*Material for this task*.

────────────────

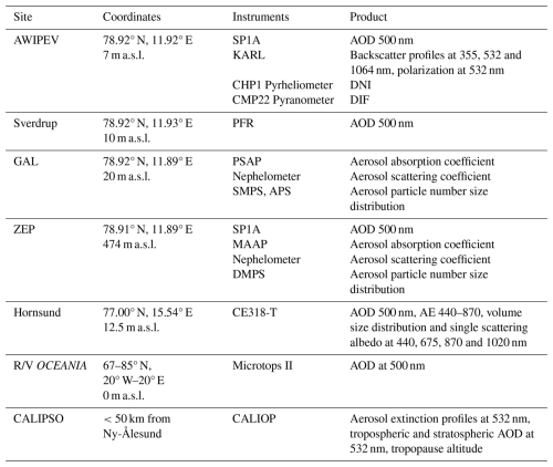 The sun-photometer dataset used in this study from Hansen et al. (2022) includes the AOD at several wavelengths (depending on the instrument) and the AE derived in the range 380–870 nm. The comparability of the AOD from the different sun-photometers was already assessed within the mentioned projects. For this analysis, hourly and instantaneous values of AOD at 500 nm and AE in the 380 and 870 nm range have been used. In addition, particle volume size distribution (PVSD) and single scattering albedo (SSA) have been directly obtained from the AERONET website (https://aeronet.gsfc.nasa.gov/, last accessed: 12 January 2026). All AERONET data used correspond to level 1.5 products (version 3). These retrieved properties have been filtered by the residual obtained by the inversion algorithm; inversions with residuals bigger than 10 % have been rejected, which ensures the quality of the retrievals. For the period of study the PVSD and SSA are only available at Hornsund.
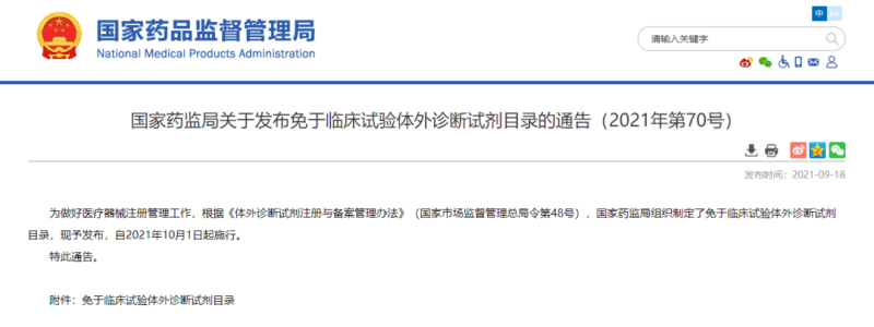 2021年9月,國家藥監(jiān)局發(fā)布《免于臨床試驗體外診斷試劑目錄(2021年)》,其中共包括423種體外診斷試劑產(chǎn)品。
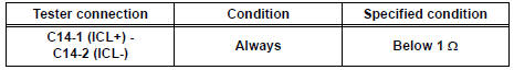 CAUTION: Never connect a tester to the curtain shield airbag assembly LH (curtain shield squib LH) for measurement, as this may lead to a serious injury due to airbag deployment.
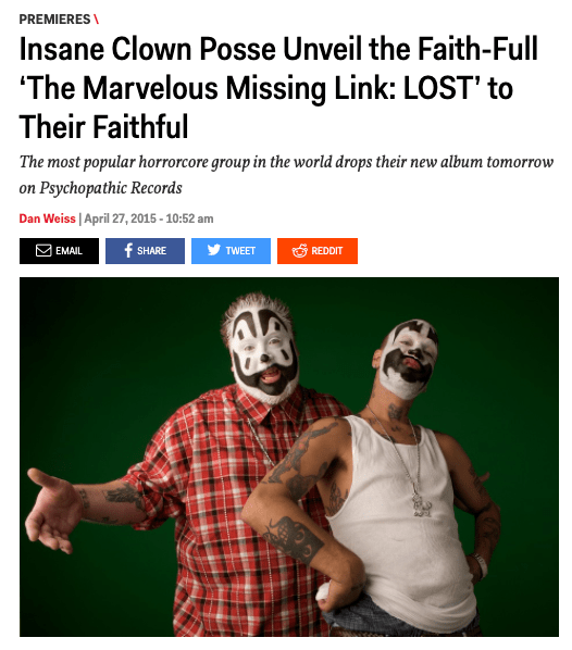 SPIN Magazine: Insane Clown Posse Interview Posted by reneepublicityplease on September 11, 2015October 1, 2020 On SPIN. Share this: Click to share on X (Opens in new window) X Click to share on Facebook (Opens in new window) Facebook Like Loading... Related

────────────────

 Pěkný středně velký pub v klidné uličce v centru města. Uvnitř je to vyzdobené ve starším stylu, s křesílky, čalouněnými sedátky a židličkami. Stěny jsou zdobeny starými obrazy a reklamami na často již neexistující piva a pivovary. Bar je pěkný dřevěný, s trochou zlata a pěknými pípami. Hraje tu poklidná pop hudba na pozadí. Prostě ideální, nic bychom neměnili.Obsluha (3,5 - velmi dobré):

────────────────

*Work instructions*.
Look above for the line with "The sun-photometer dataset", then print it and each line after it down to and including the line with "SPIN Magazine: Insane". Leave out the pictures and keep the wording exact.

*Expected answer*.
 The sun-photometer dataset used in this study from Hansen et al. (2022) includes the AOD at several wavelengths (depending on the instrument) and the AE derived in the range 380–870 nm. The comparability of the AOD from the different sun-photometers was already assessed within the mentioned projects. For this analysis, hourly and instantaneous values of AOD at 500 nm and AE in the 380 and 870 nm range have been used. In addition, particle volume size distribution (PVSD) and single scattering albedo (SSA) have been directly obtained from the AERONET website (https://aeronet.gsfc.nasa.gov/, last accessed: 12 January 2026). All AERONET data used correspond to level 1.5 products (version 3). These retrieved properties have been filtered by the residual obtained by the inversion algorithm; inversions with residuals bigger than 10 % have been rejected, which ensures the quality of the retrievals. For the period of study the PVSD and SSA are only available at Hornsund.
 2021年9月,國家藥監(jiān)局發(fā)布《免于臨床試驗體外診斷試劑目錄(2021年)》,其中共包括423種體外診斷試劑產(chǎn)品。
 CAUTION: Never connect a tester to the curtain shield airbag assembly LH (curtain shield squib LH) for measurement, as this may lead to a serious injury due to airbag deployment.
 SPIN Magazine: Insane Clown Posse Interview Posted by reneepublicityplease on September 11, 2015October 1, 2020 On SPIN. Share this: Click to share on X (Opens in new window) X Click to share on Facebook (Opens in new window) Facebook Like Loading... Related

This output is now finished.